### Record excerpts

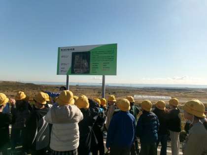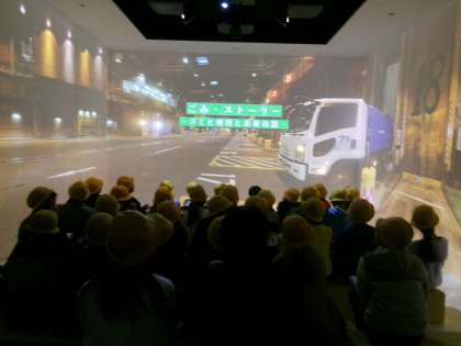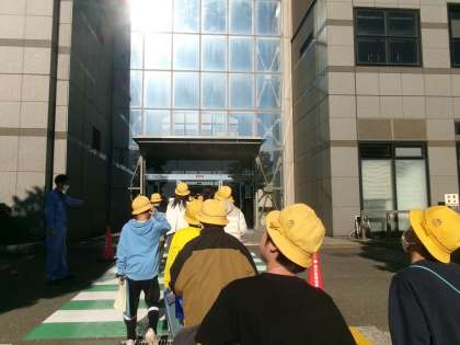 バスに解説員の方が同乗してくださり、埋め立ての様子を実際に見て回りました。高低差30mのお山の上にある展望台から、今後広がる埋め立て地の様子も教わりました。特別な許可がないと入れない施設です。勉強になりましたね。
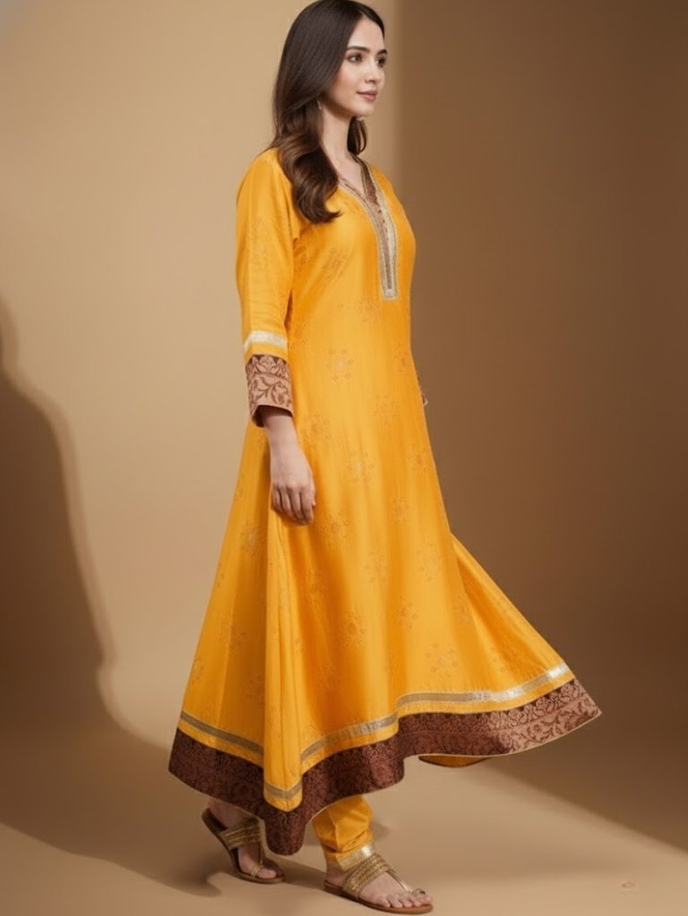 This elegant mustard kurta features delicate embroidery with beautifully detailed maroon borders on the sleeves and hem.
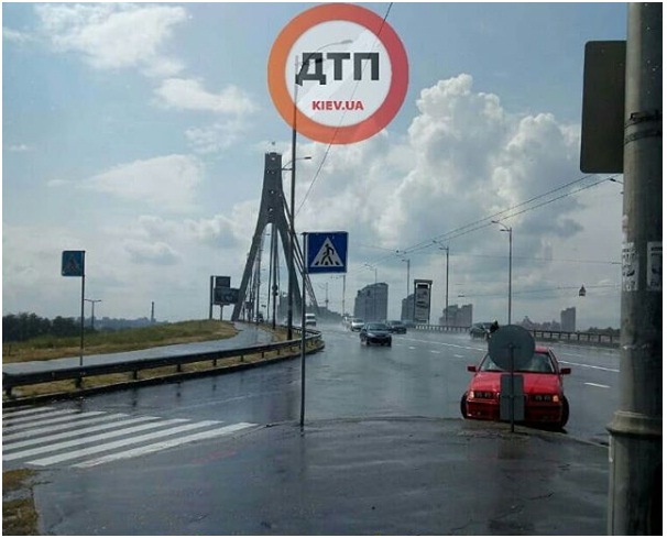 В Киеве водитель не справился с управлением на мокрой дороге и протаранил дорожный знак. Вот что стало известно изданию «Криминал»
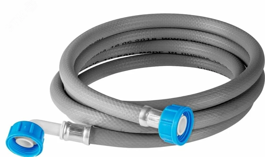 Гибкий гладкий шланг для подключения стиральной и посудомоечной машин к системе водоснабжения. Изготовлен из разработанного по особой технологии ПВХ и армированной полиамидной нити. Это обеспечивает прочность и долговечность изделия.
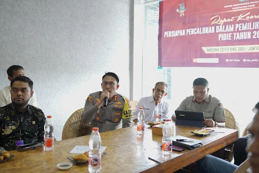 Dalam dapat koordinasi persiapan pencalonan yang dilaksanakan KIP di Awesome Caffee Sigli, hadir pihak Polres Pidie, Kejaksaan Negeri Pidie, Disdukcapil, Dinas Pendidikan, Kementerian Agama Pidie, Kesbangpol, pengadilan Panwaslih dan sejumlah instansi lainnya.

######

What is needed: Which lines run from the one containing "В Киеве водитель" to the end of the entries above? Write them out exactly, leaving out every picture.

Answer to this task:
 В Киеве водитель не справился с управлением на мокрой дороге и протаранил дорожный знак. Вот что стало известно изданию «Криминал»
 Гибкий гладкий шланг для подключения стиральной и посудомоечной машин к системе водоснабжения. Изготовлен из разработанного по особой технологии ПВХ и армированной полиамидной нити. Это обеспечивает прочность и долговечность изделия.
 Dalam dapat koordinasi persiapan pencalonan yang dilaksanakan KIP di Awesome Caffee Sigli, hadir pihak Polres Pidie, Kejaksaan Negeri Pidie, Disdukcapil, Dinas Pendidikan, Kementerian Agama Pidie, Kesbangpol, pengadilan Panwaslih dan sejumlah instansi lainnya.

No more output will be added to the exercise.